This page organizes papers related to artificial intelligence published around the world. This page is summarized using Google Gemini and is operated on a non-profit basis. The copyright of the paper belongs to the author and the relevant institution. When sharing, simply cite the source.
Agentic large language models improve retrieval-based radiology question answering
Created by
Haebom
Author
Sebastian Wind, Jeta Sopa, Daniel Truhn, Mahshad Lotfinia, Tri-Thien Nguyen, Keno Bressem, Lisa Adams, Mirabela Rusu, Harald K ostler, Gerhard Wellein, Andreas Maier, Soroosh Tayebi Arasteh
Outline
RaR (Radiology Retrieval and Reasoning) is a multi-stage retrieval and reasoning framework designed to improve the diagnostic accuracy, factual consistency, and clinical reliability of LLMs in radiology question answering (QA).

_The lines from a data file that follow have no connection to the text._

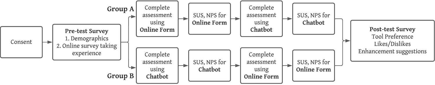 This study used a counterbalanced, within-subject experimental design to conduct a large-scale, unmoderated study comparing the usability and user experience of completing a health assessment using a chatbot (i.e., Dokbot) and an online form (i.e., REDCap) (11, 21).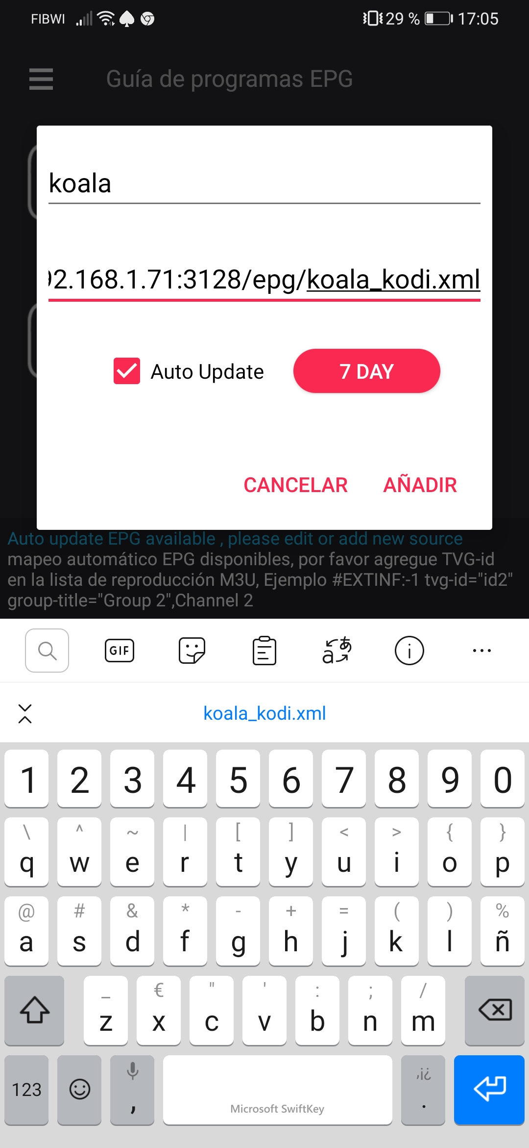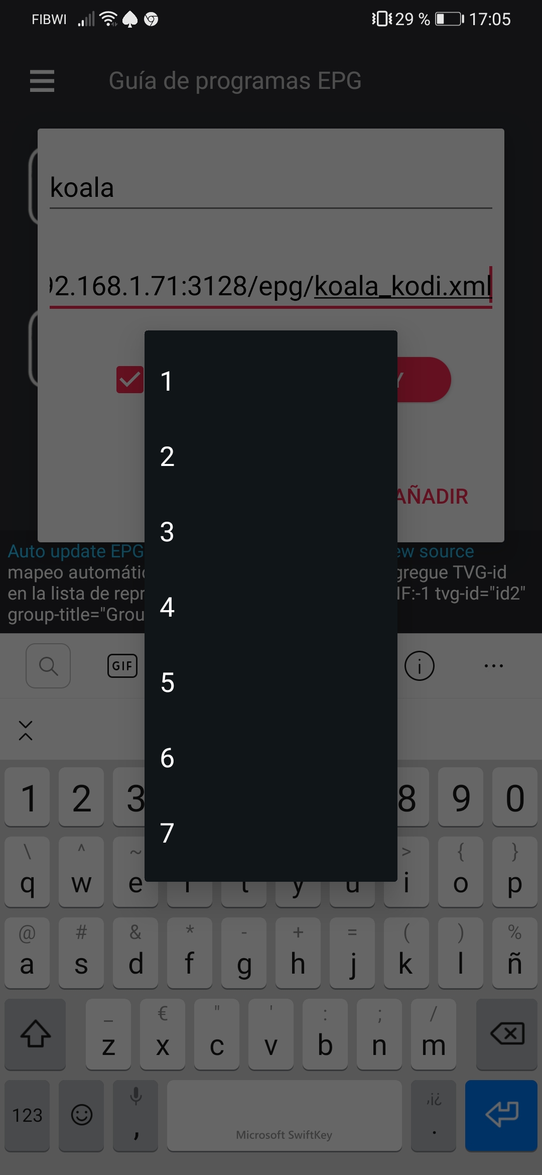 Para obtener epg 7 dias de la url koala introducida, pulsamos sobre 1 dia y en el despegable seleccionamos 7 dias damos a añadir y se realizara la descarga epg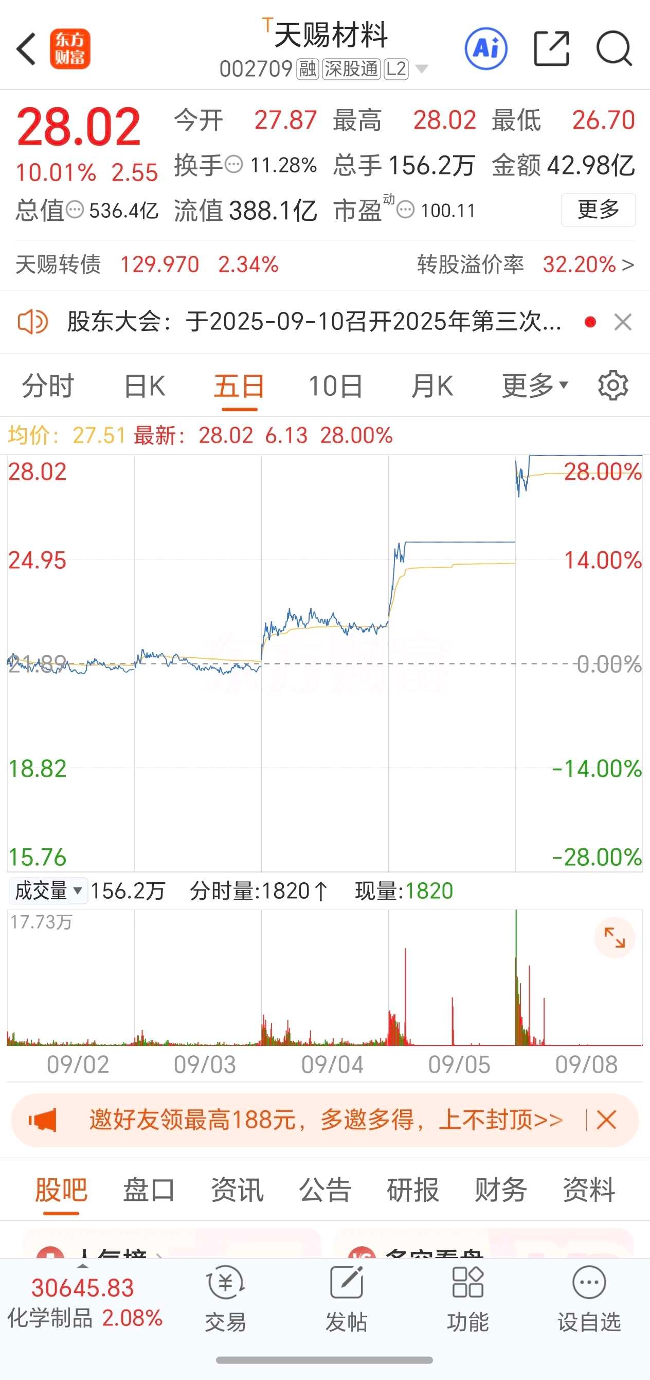 天赐材料:2板,换手板,炒作固态电池电解质+电解液龙头,有可转债。

RaR overcomes the limitations of existing single-stage retrieval methods and was evaluated on 25 different LLMs (0.5B to >670B parameters) using RSNA-RadioQA, ExtendedQA, and internal radiology board exam question datasets, demonstrating improved diagnostic accuracy and reduced hallucinations.
Takeaways, Limitations
•
Takeaways:
◦
RaR significantly improved the average diagnostic accuracy compared to zero-shot prompting and conventional online RAG.
◦
RaR showed the greatest performance improvements, especially on small models.
◦
RaR provided factual evidence by reducing hallucinations and searching for clinically relevant contexts.
◦
Even in clinically fine-tuned models, additional benefits were achieved with RaR.
•
Limitations:
◦
For large models (>200B parameters), the performance improvement was minimal.
◦
Further studies are needed to confirm its clinical utility.